All of the data, except its images, should be set down exactly as it appears.

* Source data *
BEGIN

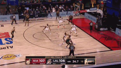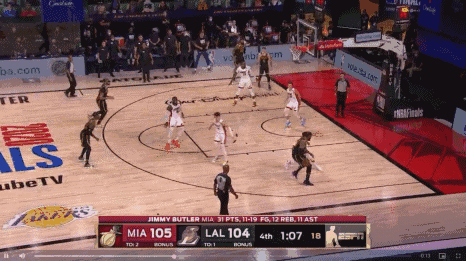 1分01秒,詹姆斯突破巴特勒的防守,后者应被吹一次投篮犯规;
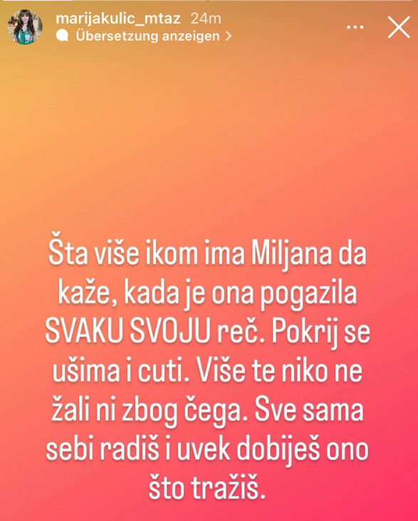 – Nisam protiv veze, nemam ništa protiv toga da se zezaju, druže, pa nek se i poljube, ali više od toga ne i napolju – ni slučajno! To može da bude dok traje rijaliti, posle toga ne. Nije narkoman, nije kockar, ali seje decu po svetu! Sve najgore je pričao o Sneži Kušadasi, izneo sav prljav veš. Kakva god da je… Ja nju mrzim, odvratna mi je zbog sestričine, što je dopustila da ode u hraniteljsku porodicu – zbog toga mi je odvratna, ali kakva god da je, ona ga je uvela, pružila mu šansu da zaradi ono što ne bi mogao napolju. Preko nje je ušao, to treba da poštuje, to važi i za Zolu i za onog skraćenog – izjavila je Marija Kulić juče.
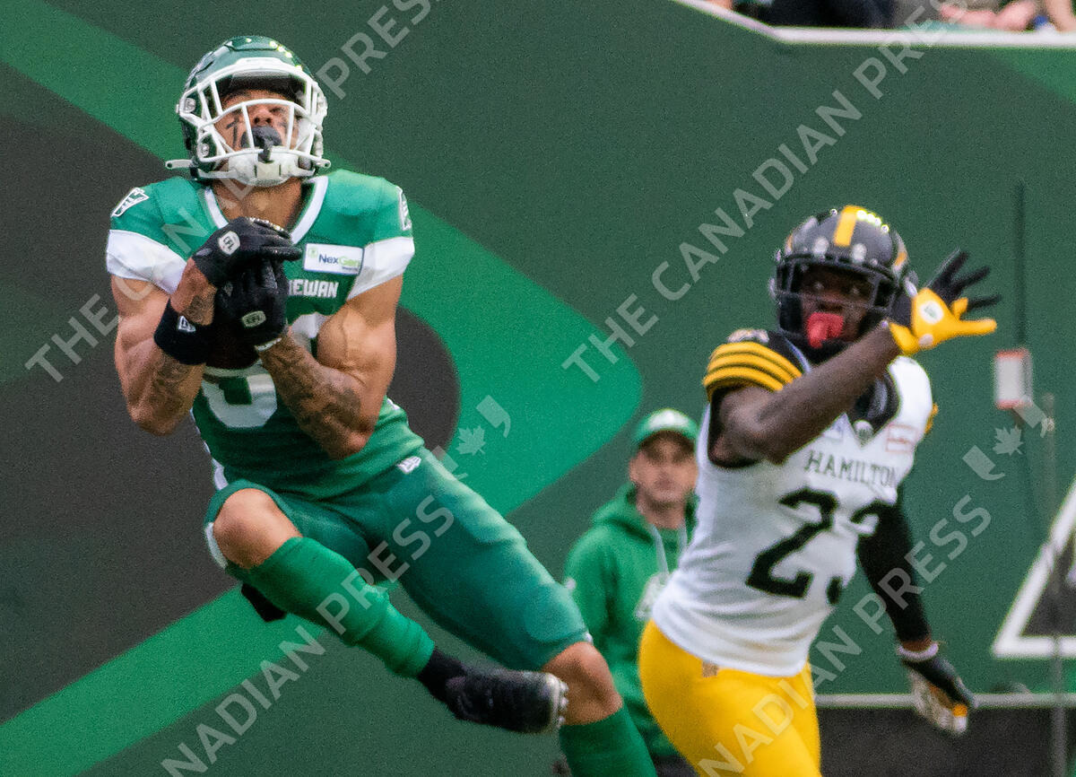 Saskatchewan Roughriders receiver Kian Schaffer-Baker (89) catches the football for a touchdown as Hamilton Tiger-Cats defensive back Richard Leonard (23) looks on during second half CFL football action in Regina on Saturday, June 11, 2022. THE CANADIAN PRESS/Heywood Yu

END

* Answer to this task *
 1分01秒,詹姆斯突破巴特勒的防守,后者应被吹一次投篮犯规;
 – Nisam protiv veze, nemam ništa protiv toga da se zezaju, druže, pa nek se i poljube, ali više od toga ne i napolju – ni slučajno! To može da bude dok traje rijaliti, posle toga ne. Nije narkoman, nije kockar, ali seje decu po svetu! Sve najgore je pričao o Sneži Kušadasi, izneo sav prljav veš. Kakva god da je… Ja nju mrzim, odvratna mi je zbog sestričine, što je dopustila da ode u hraniteljsku porodicu – zbog toga mi je odvratna, ali kakva god da je, ona ga je uvela, pružila mu šansu da zaradi ono što ne bi mogao napolju. Preko nje je ušao, to treba da poštuje, to važi i za Zolu i za onog skraćenog – izjavila je Marija Kulić juče.
 Saskatchewan Roughriders receiver Kian Schaffer-Baker (89) catches the football for a touchdown as Hamilton Tiger-Cats defensive back Richard Leonard (23) looks on during second half CFL football action in Regina on Saturday, June 11, 2022. THE CANADIAN PRESS/Heywood Yu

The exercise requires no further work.